[Start of Attachment]
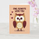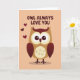 This greeting card features a cute, stylized owl centered on a warm peach background. The owl has a plump mid-brown body with a creamy beige belly and beige circles around its big eyes. Its eyes are large and shiny with small highlights, giving it a gentle, curious, loving look. Deep reddish-brown details show up in its ear tufts and simple wing shapes, and three small hearts float up along the left side, getting smaller as they rise. Above the owl, the message “OWL ALWAYS LOVE YOU” appears in uppercase block letters in the same deep reddish-brown color. A small flat shadow under the owl helps it feel grounded while keeping the design simple and tidy. It’s a sweet choice for romance or friendship, with an easy message that lands right away ❤️💌🍫.
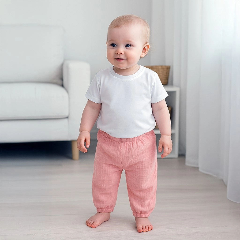 Deze kinderset combineert maximaal comfort met praktische afwerking. Het katoenen T-shirt is zacht, ademend en dankzij de zachte halsboord knelt het niet, ook niet bij de hele dag dragen. De mousseline broek is licht, duurzaam en aangenaam aanvoelend – ideaal voor actieve kinderen.
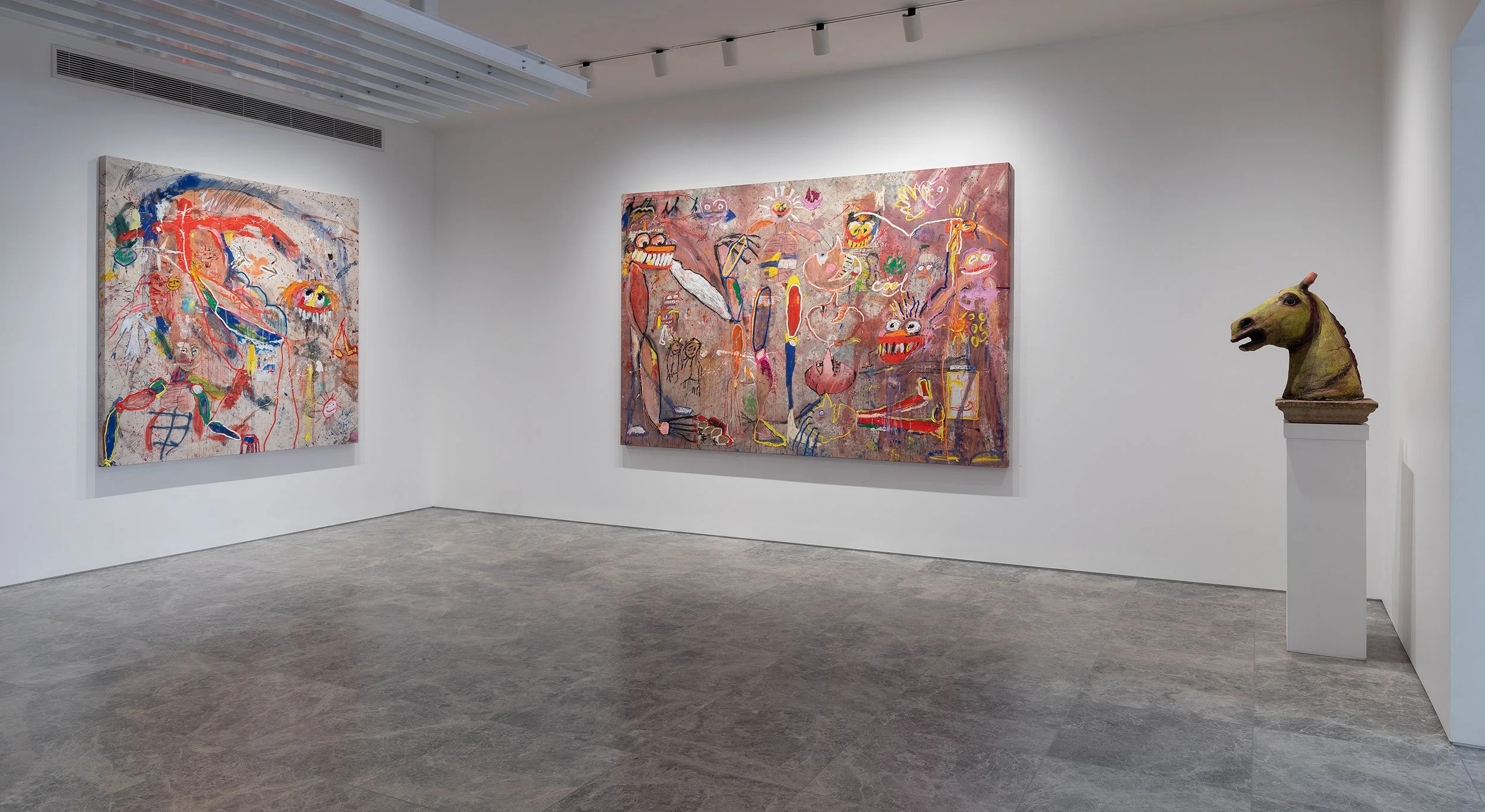 Saxon Quinn’s latest body of work, Little Darlin’, is bold, colourful and chaotic, incorporating a whole range of textures to make huge, bright, layered pieces on canvas. The works bring together manic faces, stylised bodies, figures and markings. He draws recognisable influences from pop culture (from Nina Simone to Biker Mice and Street Sharks) alongside slightly more cryptic nods to his personal history, including childhood sketchpads that his mother held onto for the past 35 years. In the works that make up Little Darlin’, he sketches a horse’s head and repeats stylised versions of sculpted figures and colourful faces throughout the series, a direct response to his mother, Australian artist Dianne Coulter, and her influence on him. Saxon’s mum is a talented, imaginative, and well-celebrated sculptor and painter who has been exhibiting since 1975.
[End of Attachment]
- _Task goal_: Instruction for this listing: copy it exactly, but leave the images behind.

- _Response to this task_:
 This greeting card features a cute, stylized owl centered on a warm peach background. The owl has a plump mid-brown body with a creamy beige belly and beige circles around its big eyes. Its eyes are large and shiny with small highlights, giving it a gentle, curious, loving look. Deep reddish-brown details show up in its ear tufts and simple wing shapes, and three small hearts float up along the left side, getting smaller as they rise. Above the owl, the message “OWL ALWAYS LOVE YOU” appears in uppercase block letters in the same deep reddish-brown color. A small flat shadow under the owl helps it feel grounded while keeping the design simple and tidy. It’s a sweet choice for romance or friendship, with an easy message that lands right away ❤️💌🍫.
 Deze kinderset combineert maximaal comfort met praktische afwerking. Het katoenen T-shirt is zacht, ademend en dankzij de zachte halsboord knelt het niet, ook niet bij de hele dag dragen. De mousseline broek is licht, duurzaam en aangenaam aanvoelend – ideaal voor actieve kinderen.
 Saxon Quinn’s latest body of work, Little Darlin’, is bold, colourful and chaotic, incorporating a whole range of textures to make huge, bright, layered pieces on canvas. The works bring together manic faces, stylised bodies, figures and markings. He draws recognisable influences from pop culture (from Nina Simone to Biker Mice and Street Sharks) alongside slightly more cryptic nods to his personal history, including childhood sketchpads that his mother held onto for the past 35 years. In the works that make up Little Darlin’, he sketches a horse’s head and repeats stylised versions of sculpted figures and colourful faces throughout the series, a direct response to his mother, Australian artist Dianne Coulter, and her influence on him. Saxon’s mum is a talented, imaginative, and well-celebrated sculptor and painter who has been exhibiting since 1975.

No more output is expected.